Dalam arahannya, Pj Walikota Padangsidimpuan menyampaikan, Undang-Undang (UU) No 24 Tahun 2011, tentang badan penyelenggara jaminan sosial dan Peraturan Presiden No 82 tahun 2018 dan UU Nomor 40 Tahun 2004 tentang Sistem Jaminan Sosial Nasional, mengamanatkan setiap orang berhak atas jaminan sosial untuk dapat memenuhi kebutuhan dasar hidup yang layak dan meningkatkan martabatnya menuju terwujudnya masyarakat Indonesia yang sejahtera, adil, dan makmur.

Dikatakan Pj Walikota, cakupan program Jaminan Kesehatan Nasional (JKN)-KIS yang terdaftar di Kota Padangsidimpuan sudah mencapai 96,98% (222.488 jiwa dari total penduduk 229.408) sehingga Kota Padangsidimpuan ditetapkan oleh BPJS Kesehatan menjafi predikat UHC prioritas (Non Cut Off).

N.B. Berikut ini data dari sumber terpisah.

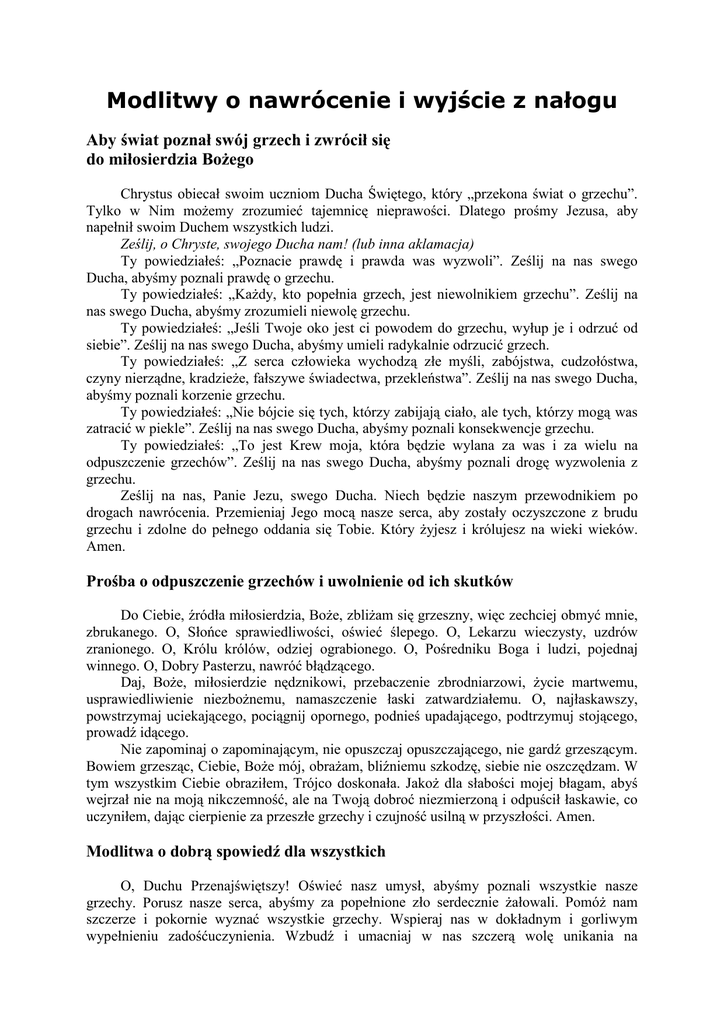 Modlitwy o nawrócenie i wyjście z nałogu Aby świat poznał swój grzech i zwrócił się do miłosierdzia BoŜego Chrystus obiecał swoim uczniom Ducha Świętego, który „przekona świat o grzechu”. Tylko w Nim moŜemy zrozumieć tajemnicę nieprawości. Dlatego prośmy Jezusa, aby napełnił swoim Duchem wszystkich ludzi. Ześlij, o Chryste, swojego Ducha nam! (lub inna aklamacja) Ty powiedziałeś: „Poznacie prawdę i prawda was wyzwoli”. Ześlij na nas swego Ducha, abyśmy poznali prawdę o grzechu. Ty powiedziałeś: „KaŜdy, kto popełnia grzech, jest niewolnikiem grzechu”. Ześlij na nas swego Ducha, abyśmy zrozumieli niewolę grzechu. Ty powiedziałeś: „Jeśli Twoje oko jest ci powodem do grzechu, wyłup je i odrzuć od siebie”. Ześlij na nas swego Ducha, abyśmy umieli radykalnie odrzucić grzech. Ty powiedziałeś: „Z serca człowieka wychodzą złe myśli, zabójstwa, cudzołóstwa, czyny nierządne, kradzieŜe, fałszywe świadectwa, przekleństwa”. Ześlij na nas swego Ducha, abyśmy poznali korzenie grzechu. Ty powiedziałeś: „Nie bójcie się tych, którzy zabijają ciało, ale tych, którzy mogą was zatracić w piekle”. Ześlij na nas swego Ducha, abyśmy poznali konsekwencje grzechu. Ty powiedziałeś: „To jest Krew moja, która będzie wylana za was i za wielu na odpuszczenie grzechów”. Ześlij na nas swego Ducha, abyśmy poznali drogę wyzwolenia z grzechu. Ześlij na nas, Panie Jezu, swego Ducha. Niech będzie naszym przewodnikiem po drogach nawrócenia. Przemieniaj Jego mocą nasze serca, aby zostały oczyszczone z brudu grzechu i zdolne do pełnego oddania się Tobie. Który Ŝyjesz i królujesz na wieki wieków. Amen. Prośba o odpuszczenie grzechów i uwolnienie od ich skutków Do Ciebie, źródła miłosierdzia, BoŜe, zbliŜam się grzeszny, więc zechciej obmyć mnie, zbrukanego. O, Słońce sprawiedliwości, oświeć ślepego. O, Lekarzu wieczysty, uzdrów zranionego. O, Królu królów, odziej ograbionego. O, Pośredniku Boga i ludzi, pojednaj winnego. O, Dobry Pasterzu, nawróć błądzącego. Daj, BoŜe, miłosierdzie nędznikowi, przebaczenie zbrodniarzowi, Ŝycie martwemu, usprawiedliwienie niezboŜnemu, namaszczenie łaski zatwardziałemu. O, najłaskawszy, powstrzymaj uciekającego, pociągnij opornego, podnieś upadającego, podtrzymuj stojącego, prowadź idącego. Nie zapominaj o zapominającym, nie opuszczaj opuszczającego, nie gardź grzeszącym. Bowiem grzesząc, Ciebie, BoŜe mój, obraŜam, bliźniemu szkodzę, siebie nie oszczędzam. W tym wszystkim Ciebie obraziłem, Trójco doskonała. JakoŜ dla słabości mojej błagam, abyś wejrzał nie na moją nikczemność, ale na Twoją dobroć niezmierzoną i odpuścił łaskawie, co uczyniłem, dając cierpienie za przeszłe grzechy i czujność usilną w przyszłości. Amen. Modlitwa o dobrą spowiedź dla wszystkich O, Duchu Przenajświętszy! Oświeć nasz umysł, abyśmy poznali wszystkie nasze grzechy. Porusz nasze serca, abyśmy za popełnione zło serdecznie Ŝałowali. PomóŜ nam szczerze i pokornie wyznać wszystkie grzechy. Wspieraj nas w dokładnym i gorliwym wypełnieniu zadośćuczynienia. Wzbudź i umacniaj w nas szczerą wolę unikania na przyszłość wszystkich grzechów i najbliŜszych do nich okazji. Prowadź nas do zdrojów miłosierdzia, które leczą i uzdrawiają nasze Ŝycie. Niech spotkanie z miłosiernym Ojcem i sakramentalny udział w śmierci i zmartwychwstaniu Jezusa, wyprostuje ścieŜki naszego Ŝycia i umocni nas na drodze do świętości. Amen. Modlitwy o trzeźwość Modlitwa przebłagalna Panie Jezu Chryste, przeniknięci uczuciem najgłębszej czci, pragniemy przepraszać Cię za wszystkie zniewagi i nieuszanowanie Twojej świętej woli zawartej w przykazaniach i świętej Ewangelii. W szczególny sposób pragniemy wynagrodzić Ci za wszystkie grzechy spowodowane naduŜywaniem alkoholu. Stają się one społeczną klęską naszego narodu: Przepraszamy Cię, Panie! (lub inna aklamacja) za grzechy nasze i naszych bliźnich; za zaniedbywanie codziennej modlitwy; za opuszczanie Mszy świętej w niedziele i święta; za zniewaŜanie Twojego Imienia świętego; za czynienie dni świętych dniami szczególnego pijaństwa; za zniewaŜanie sakramentu małŜeństwa; za ból zadawany członkom rodziny alkoholików; za lekcewaŜenie przykazań BoŜych; za pijaństwo młodzieŜy; za częstowanie alkoholem małych dzieci; za zgorszenia spowodowane przez pijanych; za przekleństwa i złorzeczenia wypowiadane po pijanemu; za kradzieŜe i zbrodnie dokonane pod wpływem alkoholu; za wypadki i kalectwa spowodowane przez pijanych kierowców; za niszczenie własnego zdrowia alkoholem; za nieskromne myśli i poŜądania pobudzone alkoholem; za zdrady małŜeńskie spowodowane alkoholem; za marnowanie pieniędzy i innych rzeczy materialnych na alkohol; za tych, którzy nielegalnie produkują i sprzedają alkohol; za obojętność wobec potrzebujących pomocy; za wszelkie grzeszne skutki naduŜywania alkoholu. Pieśń Przed oczy Twoje winy nasze składamy albo Święty BoŜe albo Przepuść Panie, przepuść ludowi Twojemu. Wezwania błagalne Polecamy Ci, Panie Jezu Chryste, wszystkich zagroŜonych plagą pijaństwa. Zawierzamy Ci poszczególne osoby i ich rodziny, a takŜe ustanawiających prawa i czuwających nad porządkiem publicznym. PomóŜ wszystkim przeciwstawić się fali zła, jaka rozlewa się przez naduŜywanie alkoholu: OkaŜ nam, Panie, swoje miłosierdzie! (lub inna aklamacja) aby kierujący narodem dostrzegli grozę klęski pijaństwa; aby nasz naród wypełnił Śluby Jasnogórskie; aby wszyscy podjęli wysiłek przeciwdziałania alkoholizmowi; aby rodzice wychowywali swoje dzieci w trzeźwości; aby wykorzenione zostały poniŜające zwyczaje pijackie; aby jak najwięcej Polaków z miłości do bliźnich wyrzekło się uŜywania alkoholu; aby rozwijały się wspólnoty trzeźwościowe w naszych parafiach; abyśmy przez Ŝycie wstr
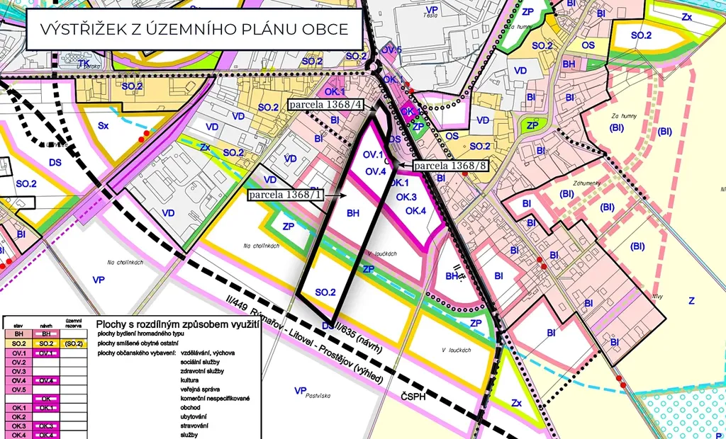 Pro konkrétní umístění parcel v územním plánu obce nahlédněte do fotogalerie. Největší pozemek 1638/1 zasahuje do několika vymezených ploch, které se liší budoucím využitím. Předmětem prodeje je ideální podíl, tedy spoluvlastnictví na každém metru čtverečním na celé ploše zobrazených parcel. Nejedná se o konkrétně vymezené území, na kterém by bylo možné ihned zahájit výstavbu.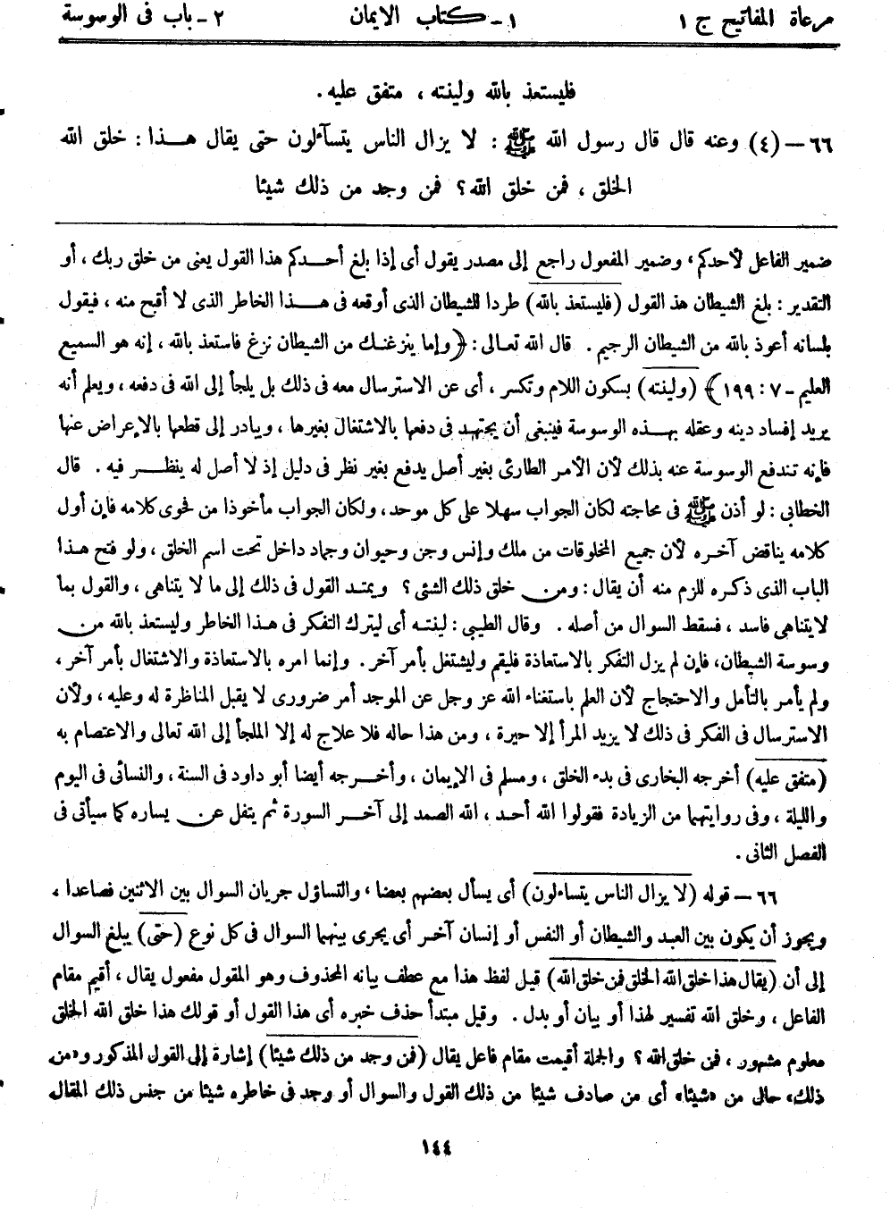 ضمير الفاعل لأحدكم، وضمير المفعول راجع إلى مصدر يقول، أي إذا بلغ أحدكم هذا القول، يعني من خلق ربك، أو التقدير: بلغ الشيطان هذا القول. (فليستعذ بالله) طرداً للشيطان الذي أوقعه في هذا الخاطر الذي لا أقبح منه، فيقول بلسانه: أعوذ بالله من الشيطان الرجيم. قال الله تعالى: {وإما ينزغنك من الشيطان نزغ فاستعذ بالله إنه هو السميع العليم} [7: 199] . (ولينته) بسكون اللام وتكسر، أي عن الاسترسال معه في ذلك، بل يلجأ إلى الله في دفعه، ويعلم أنه يريد إفساد دينه وعقله بهذه الوسوسة، فينبغي أن يجتهد في دفعها بالاشتغال بغيرها، ويبادر إلى قطعها بالإعراض عنها، فإنه تندفع الوسوسة عنه بذلك؛ لأن الأمر الطارئ بغير أصل يدفع بغير نظر في دليل، إذ لا أصل له ينظر فيه، قال الخطابي: لو أذن - صلى الله عليه وسلم - في محاجته لكان الجواب سهلاً على كل موحد، ولكان الجواب مأخوذاً من فحوى كلامه، فإن أول كلامه يناقض آخره؛ لأن جميع المخلوقات من ملك وإنس وجن وحيوان وجماد داخل تحت اسم الخلق، ولو فتح هذا الباب الذي ذكره للزم منه أن يقال: ومن خلق ذلك الشيء؟ ويمتد القول في ذلك إلى ما لا يتناهى، والقول بما لا يتناهى فاسد، فسقط السؤال من أصله، وقال الطيبي: لينته، أي ليترك التفكر في هذا الخاطر، وليستعذ بالله من وسوسة الشيطان، فإن لم يزل التفكر بالاستعاذة فليقم وليشتغل بأمر آخر، وإنما أمره بالاستعاذة والاشتغال بأمر آخر، ولم يأمر بالتأمل والاحتجاج؛ لأن العلم باستغناء الله عزوجل عن الموجد أمر ضروري لا يقبل المناظرة له وعليه، ولأن الاسترسال في الفكر في ذلك لا يزيد المرء إلى حيرة، ومن هذا حاله فلا علاج له إلا الملجأ إلى الله تعالى والاعتصام به. (متفق عليه) أخرجه البخاري في بدء الخلق، ومسلم في الإيمان، وأخرجه أيضاً أبوداود في السنة، والنسائي في اليوم والليلة، وفي روايتهما من الزيادة ((فقولوا الله أحد، الله الصمد ... )) إلى آخر السورة، ثم يتفل عن يساره، كما سيأتي في الفصل الثاني.

"Hal ini merupakan bentuk keseriusan pemko Padangsidimpuan dalam memberikan perlindungan jaminan kesehatan bagi seluruh masyarakat, yang selaras dengan perwujudan tag line Padangsidimpuan Mantap," ungkap Pj Walikota, Dr Letnan Dalimunthe.

Dijelaskannya, dalam program JKN, selain layanan pengobatan (kuratif), penduduk Kota Padangsidimpuan yang telah terdaftar juga dapat mengikuti program promotive/preventif, seperti program pengelolaan penyakit kronis di wilayah Kota Padangsidimpuan.

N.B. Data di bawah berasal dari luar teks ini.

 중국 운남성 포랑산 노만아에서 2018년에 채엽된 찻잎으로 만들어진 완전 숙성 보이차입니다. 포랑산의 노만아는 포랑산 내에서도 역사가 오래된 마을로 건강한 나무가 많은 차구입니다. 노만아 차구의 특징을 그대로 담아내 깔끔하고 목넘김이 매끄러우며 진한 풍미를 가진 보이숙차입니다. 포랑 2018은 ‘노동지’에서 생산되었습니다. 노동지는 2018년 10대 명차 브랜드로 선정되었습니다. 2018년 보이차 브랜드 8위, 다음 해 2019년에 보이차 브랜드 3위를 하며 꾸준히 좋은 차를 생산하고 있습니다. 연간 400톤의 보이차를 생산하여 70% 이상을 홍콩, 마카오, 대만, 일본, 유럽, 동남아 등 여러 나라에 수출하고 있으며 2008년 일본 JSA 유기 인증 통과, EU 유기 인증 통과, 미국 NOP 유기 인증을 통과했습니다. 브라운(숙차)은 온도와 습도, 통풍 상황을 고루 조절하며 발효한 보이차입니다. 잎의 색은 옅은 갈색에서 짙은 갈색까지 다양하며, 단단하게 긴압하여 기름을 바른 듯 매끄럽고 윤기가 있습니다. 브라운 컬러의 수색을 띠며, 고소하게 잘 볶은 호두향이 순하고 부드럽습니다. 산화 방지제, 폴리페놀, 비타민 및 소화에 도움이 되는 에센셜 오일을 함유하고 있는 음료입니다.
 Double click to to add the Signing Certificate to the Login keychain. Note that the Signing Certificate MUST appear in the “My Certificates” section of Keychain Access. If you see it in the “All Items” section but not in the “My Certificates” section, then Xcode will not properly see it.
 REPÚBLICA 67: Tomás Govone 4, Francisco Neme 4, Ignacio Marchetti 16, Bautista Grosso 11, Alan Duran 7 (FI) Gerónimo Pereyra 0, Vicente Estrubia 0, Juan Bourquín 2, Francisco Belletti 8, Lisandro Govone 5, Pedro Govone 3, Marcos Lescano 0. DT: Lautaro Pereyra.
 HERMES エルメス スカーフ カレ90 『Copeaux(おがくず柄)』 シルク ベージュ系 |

"Dengan ditetapkannya UHC, kita berharap tidak ada lagi masyarakat Kota Padangsidimpuan yang tidak terlayani diseluruh fasilitas kesehatan dan tidak perlu menunggu 14 hari untuk mengaktifkan kepesertaan. Sebab begitu mendaftar, saat itu juga kepesertaan bisa langsung aktif dan dapat digunakan," pungkasnya.

Sebelumnya, sekretaris Dinas Kesehatan Kota Padangsidimpuan, Saidah Asro Fauziah SPd MM melaporkan dari total 229.408 jiwa peserta yang terdaftar tersebut, pemko Padangsidimpuan telah mendaftarkan dan membayar iuran penduduk kedalam program JKN sebanyak 46.571 jiwa, sehingga Pemko Padangsidimpuan mencapai predikat UHC.

Ia juga mengucapkan terimakasih kepada Pj Walikota Padangsidimpuan, DPRD dan seluruh OPD terkait yang telah berkoordinasi dan berkolaborasi dalam pencapaian UHC ini.

Sementara Kepala BPJS Kesehatan Cabang Padangsidimpuan, Sulianto, menyampaikan ucapan terimakasih dan apresiasi setinggi-tingginya atas komitmen Pemko Padangsidimpuan, di bawah kepemimpinan Pj Walikota, Dr Letnan Dalimunthe dalam menyediakan anggaran untuk membayar iuran jaminan kesehatan terhadap 46.571 jiwa penduduk Kota Padangsidimpuan yang sudah terdaftar, sehingga pemko Padangsidimpuan mendapat predikat UHC.

Menurutnya, peluncuran predikat UHC bagi Kota Padangsidimpuan merupakan kabar bahagia bagi warga Padangsidimpuan, terutama bagi masyarakat miskin dan kurang mampu.

Ia berharap dengan capaian UHC ini, dapat menjadi contoh bagi kabupaten lainnya untuk segera mencapai UHC, terutama UHC prioritas non cut off seperti yang telah dicapai Kota Padangsidimpuan saat ini.